Mary looked at this scrawny boy, trying to register what he had said. Some girls played tennis up on the park courts, laughing at every missed hit. The playground was empty, the swings blowing back and forth, their rusted chains squeaking. She could not get her mind off something Paul had said, some bit of information that was almost buried in there.

The car. A red Honda.

Mary knew that they would have to return to Bell City to find the house Polly had stayed in when she returned to Bell City with her red car. The car would not be there, of course-not now. But this is where they needed to go, Mary knew that much. Once again, they were being led. The kid lit a wrinkled cigarette, and the smoke caught in the wind and trailed away across the field off to their right.

A car pulled up then, an old Bondo’d Mustang that was packed with kids who looked just like Paul except for the white hair. He said good-bye and piled in the car, and the kids disappeared down a little dirt road into the heart of the park.

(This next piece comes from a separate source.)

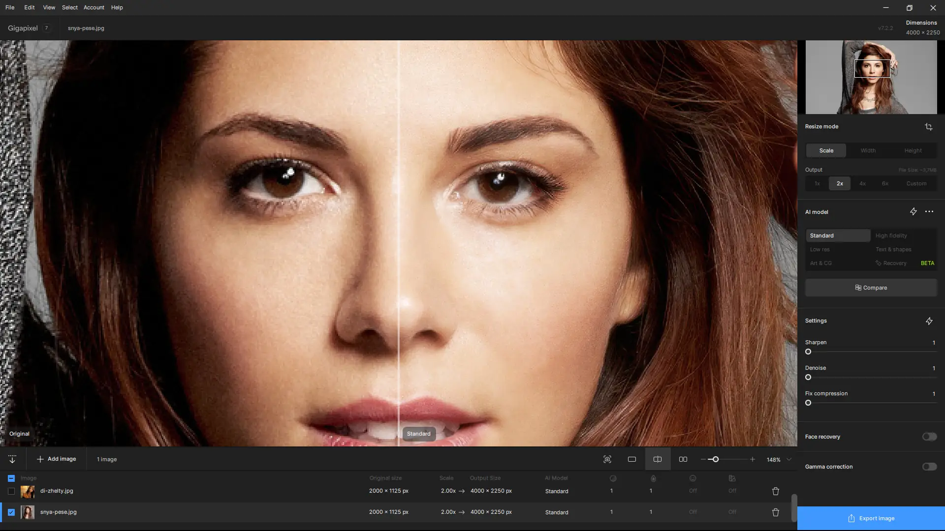 Topaz Gigapixel AI выделяется своей высокой точностью и способностью восстанавливать детали, что значительно превосходит возможности обычных методов масштабирования. Программа отлично подходит для профессионалов, требующих максимальной четкости и реалистичности изображений. Однако, несмотря на свои преимущества, она требует мощного оборудования для быстрого и эффективного функционирования, а также может быть довольно ресурсоемкой при обработке больших файлов.

“Where now?” asked Dennis. But of course he already knew.

38

The house on Rattlesnake Ridge was easy to see. It was just up the hill from the Wobble Inn on a little switchback-heavy road named St. Louis Street. Through the trees you could see the top of the inn where they had questioned the bartender just twelve hours ago.

The house was dilapidated and probably empty, but Dennis knocked on the door anyway. “Nobody’s home,” he said. They all stood around the car, waiting for some divine inspiration. It was after 11:00 a.m. They had missed all of their classes now, and still they hadn’t made any progress since last night.

“Let’s go down the hill to the bar,” Brian said. Mary shrugged. They didn’t have anything better to do.

There were no cars parked at the Wobble Inn today. The place had a desolate air, empty and ominous. Brian tried the front door, but it was locked. “Closed?” he asked. They looked in the streaky front windows, and saw that there were no tables inside as there had been last night. The booth where the men had played poker was gone. The bar itself had been torn out. Wires swung from the ceiling where the beer lights had hung.

“What the hell?” Dennis asked.

Mary felt that constriction in her heart again, just as she had at the Collinses’ yesterday. Things were beginning to move, the pattern was revealing itself. They had to figure out the pattern before this afternoon, before Williams’s deadline expired.

“Let’s go to the back,” Brian said. They went around the building. The back doors were locked, too. When they looked inside, it was the same thing. Emptiness. No tables, no bar stools. Nothing except the floorboards and the bare walls.

“What should we do?” Mary asked. She was feeling an anxiety like she had never felt. It poured down on her, opened her up from the inside out. She felt every notion of the world, every lick of the wind and every beam of heat from the sun. The spin of the planet, too, under her feet. She felt it, all of it, and in a strange way it was exhilarating.

“Hey!” someone shouted from up on the hill.